Meaning: -Selective credit controls have been taken to control money supply or credit, i.e. either to increase or decrease the money supply to specific purposes. Such controls the flow of money into unproductive channels or purposes. The selective controls are

QUALITATIVECREDIT (SELECTIVE) CONTROL

1.      Ceiling on the Level of Credit: -The ceiling (upper limit) on the level of credit restricts the lending capacity of a bank to grant various advances against certain controlled commodities or securities.

2.      Margin Requirements: -The RBI imposes minimum margin requirements, which vary from 20% to 80% for lending against securities or commodities. Margin against a particular security is decreased or increased in order to encourage or discourage the flow of credit to a particular sector.

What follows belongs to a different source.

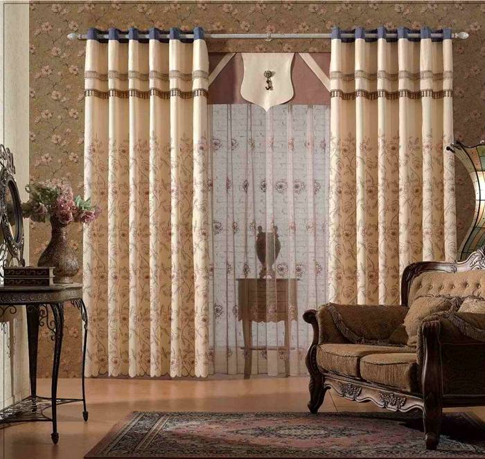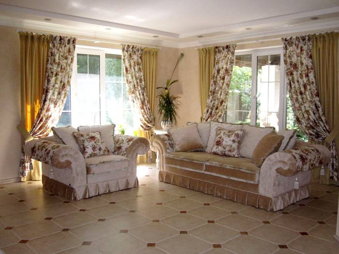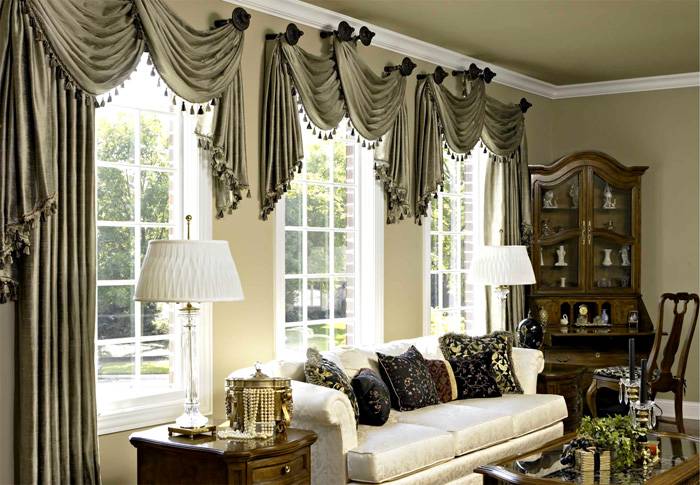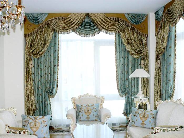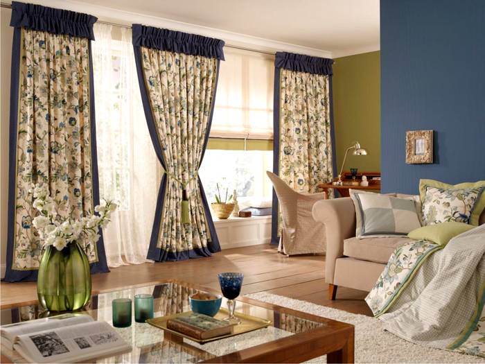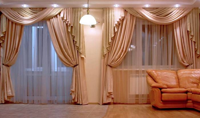 Es ist besser, Produkte aus dichten Materialien für das Wohnzimmer zu wählen. Beachten Sie bei der Auswahl von Produkten mit Lambrequins, dass die Farbe dieses Elements dunkler ist als die des Hauptprodukts. Beim Nähen von Vorhängen wird auch eine Kombination mehrerer Stoffe verwendet. Satin, Seide oder Wiederholungen werden mit Samt und Organza kombiniert.

3.      Directives: - The RBI issue directives (orders) to banks regarding advances. Directives are issued in the following aspects.
·         Minimum margin requirements against securities.
·         Maximum limit on advances to borrowers.
·         The Percentage of CRR and Statutory Liquidity Ratio (SLR)
·         Minimum lock-in period, etc.

The RBI takes necessary action on those banks, which fail to comply with its directives.


4.      Moral Suasion: -Under moral suasion, the RBI issues periodical letters to bank to exercise control over credit. Such periodical letters act as a remainder to the banking sector to follow credit control norms (rule).


5.      Direct Action: - The Centralbank may take direct action on commercial banks for not observing the guidelines. The banks have to follow central bank directives or guidelines in case of granting credit such as margin requirements.



6.      Publicity: -Central bank publishes information regarding money market and credit situation in the market. This information can be useful to the banks in framing credit policy and fixing interest rates.




7.      Regulation of consumer Credit: -The central bank frames guidelines relating to consumer credit. The bank providing consumer credit to buy consumer durables and other items have to follow such guidelines.